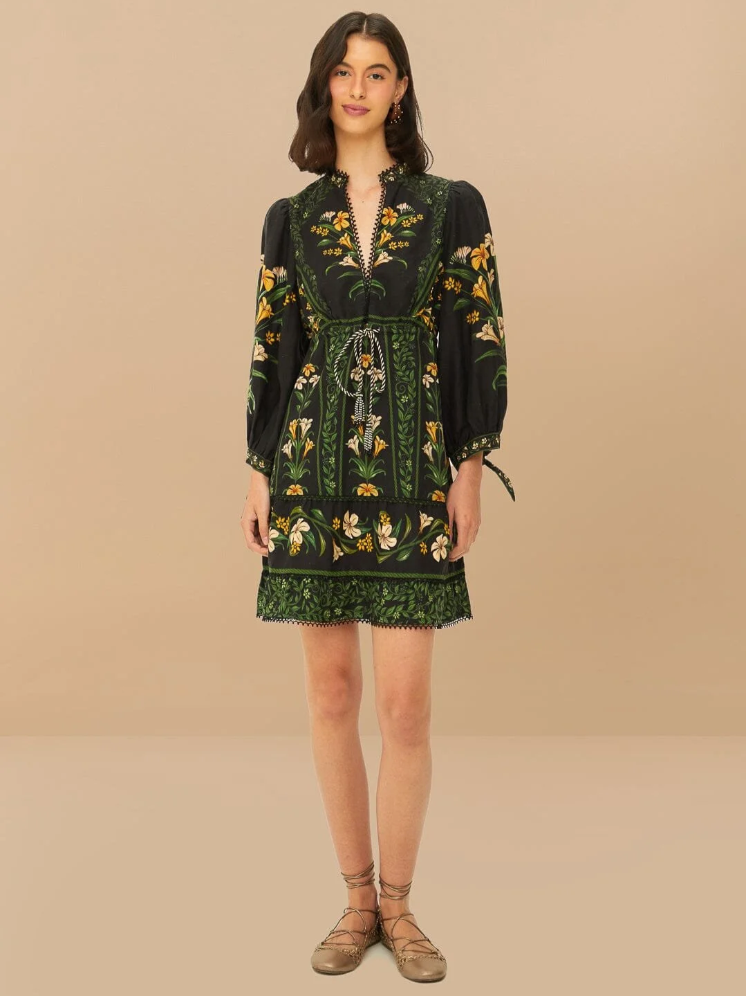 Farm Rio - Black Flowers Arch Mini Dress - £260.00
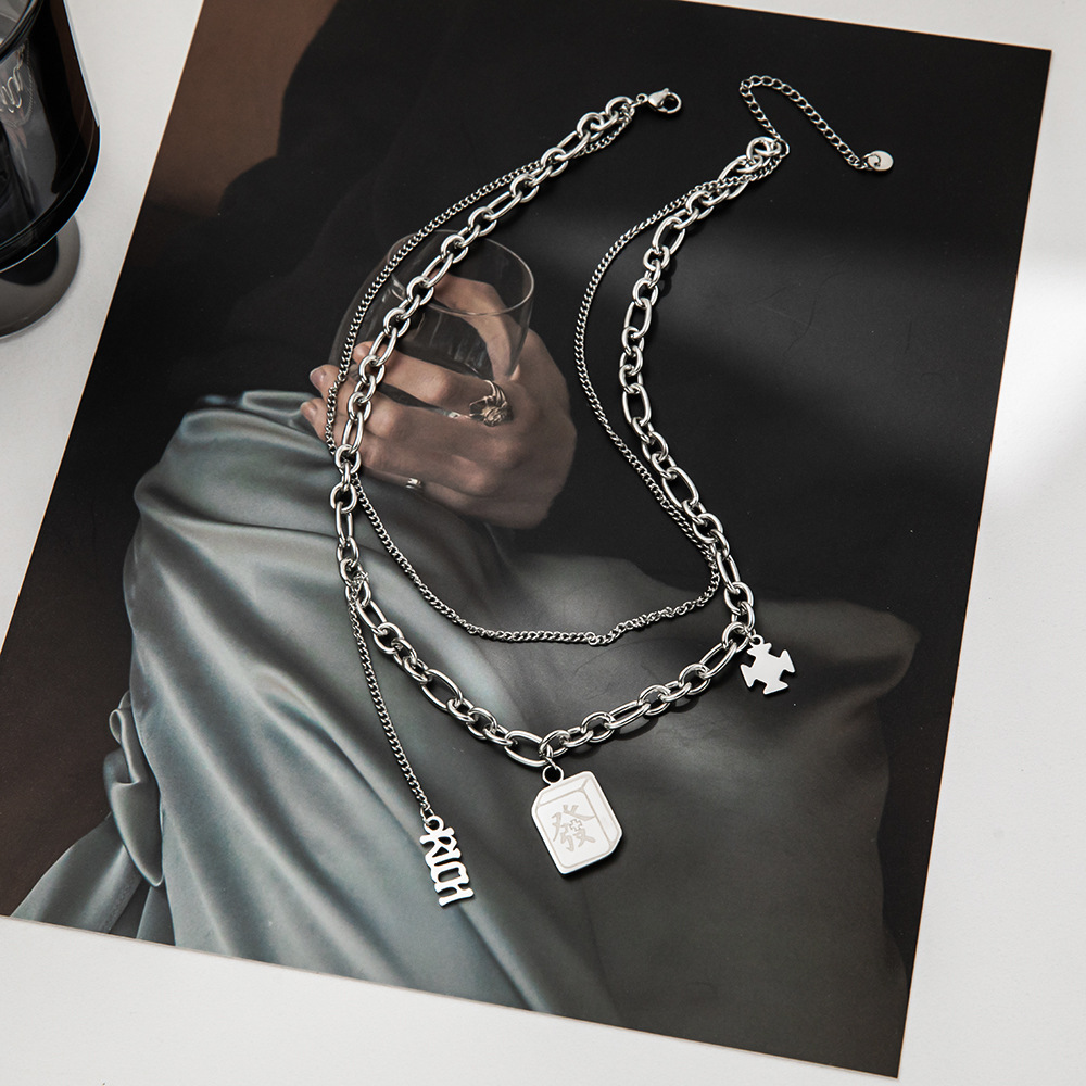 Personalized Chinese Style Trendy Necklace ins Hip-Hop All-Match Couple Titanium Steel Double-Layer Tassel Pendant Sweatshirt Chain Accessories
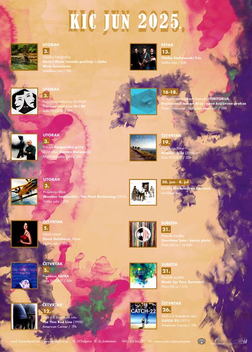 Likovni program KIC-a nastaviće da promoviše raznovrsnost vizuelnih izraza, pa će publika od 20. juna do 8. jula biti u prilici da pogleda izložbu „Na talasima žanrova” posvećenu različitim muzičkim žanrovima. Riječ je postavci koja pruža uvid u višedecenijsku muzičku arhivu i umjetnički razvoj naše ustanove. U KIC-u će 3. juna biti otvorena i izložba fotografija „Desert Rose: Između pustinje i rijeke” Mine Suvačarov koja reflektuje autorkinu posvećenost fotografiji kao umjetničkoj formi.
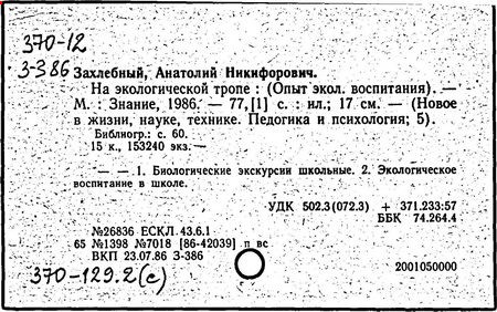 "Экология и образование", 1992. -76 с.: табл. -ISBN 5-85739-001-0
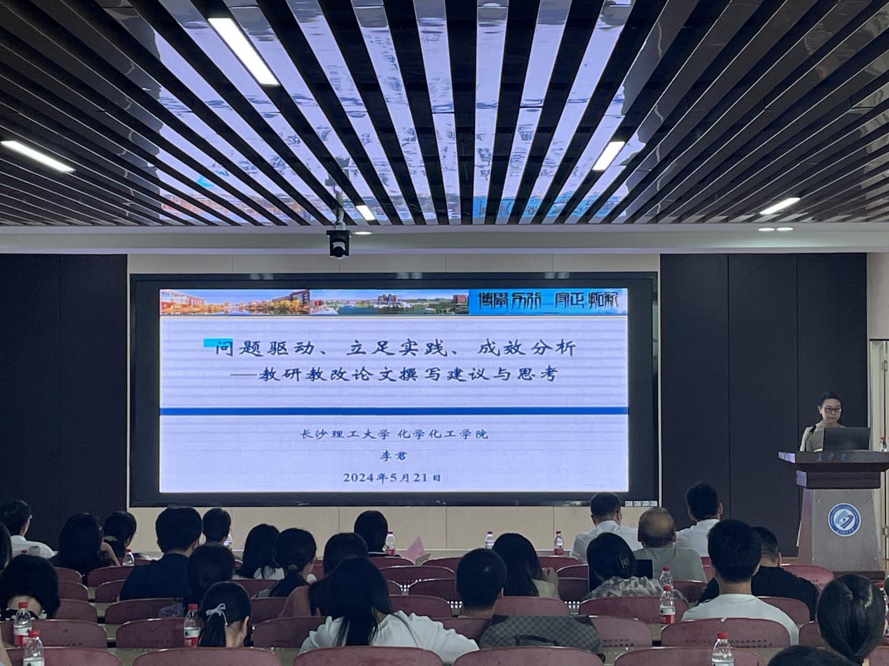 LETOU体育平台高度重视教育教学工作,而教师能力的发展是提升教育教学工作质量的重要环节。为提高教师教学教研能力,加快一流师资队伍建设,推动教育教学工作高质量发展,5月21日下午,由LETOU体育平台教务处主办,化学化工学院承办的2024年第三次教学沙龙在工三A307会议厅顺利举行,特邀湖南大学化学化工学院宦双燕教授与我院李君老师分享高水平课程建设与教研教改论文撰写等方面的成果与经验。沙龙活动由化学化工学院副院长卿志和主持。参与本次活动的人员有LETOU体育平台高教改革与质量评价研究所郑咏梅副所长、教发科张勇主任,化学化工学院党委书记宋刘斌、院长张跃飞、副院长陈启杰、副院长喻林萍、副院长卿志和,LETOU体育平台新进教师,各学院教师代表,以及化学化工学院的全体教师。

▶ **Aim of the exercise**:
Please write out the lines above exactly, from the one that contains "Likovni program KIC-a" through the final line, and include none of the pictures.

▶ **Problem solution**:
 Likovni program KIC-a nastaviće da promoviše raznovrsnost vizuelnih izraza, pa će publika od 20. juna do 8. jula biti u prilici da pogleda izložbu „Na talasima žanrova” posvećenu različitim muzičkim žanrovima. Riječ je postavci koja pruža uvid u višedecenijsku muzičku arhivu i umjetnički razvoj naše ustanove. U KIC-u će 3. juna biti otvorena i izložba fotografija „Desert Rose: Između pustinje i rijeke” Mine Suvačarov koja reflektuje autorkinu posvećenost fotografiji kao umjetničkoj formi.
 "Экология и образование", 1992. -76 с.: табл. -ISBN 5-85739-001-0
 LETOU体育平台高度重视教育教学工作,而教师能力的发展是提升教育教学工作质量的重要环节。为提高教师教学教研能力,加快一流师资队伍建设,推动教育教学工作高质量发展,5月21日下午,由LETOU体育平台教务处主办,化学化工学院承办的2024年第三次教学沙龙在工三A307会议厅顺利举行,特邀湖南大学化学化工学院宦双燕教授与我院李君老师分享高水平课程建设与教研教改论文撰写等方面的成果与经验。沙龙活动由化学化工学院副院长卿志和主持。参与本次活动的人员有LETOU体育平台高教改革与质量评价研究所郑咏梅副所长、教发科张勇主任,化学化工学院党委书记宋刘斌、院长张跃飞、副院长陈启杰、副院长喻林萍、副院长卿志和,LETOU体育平台新进教师,各学院教师代表,以及化学化工学院的全体教师。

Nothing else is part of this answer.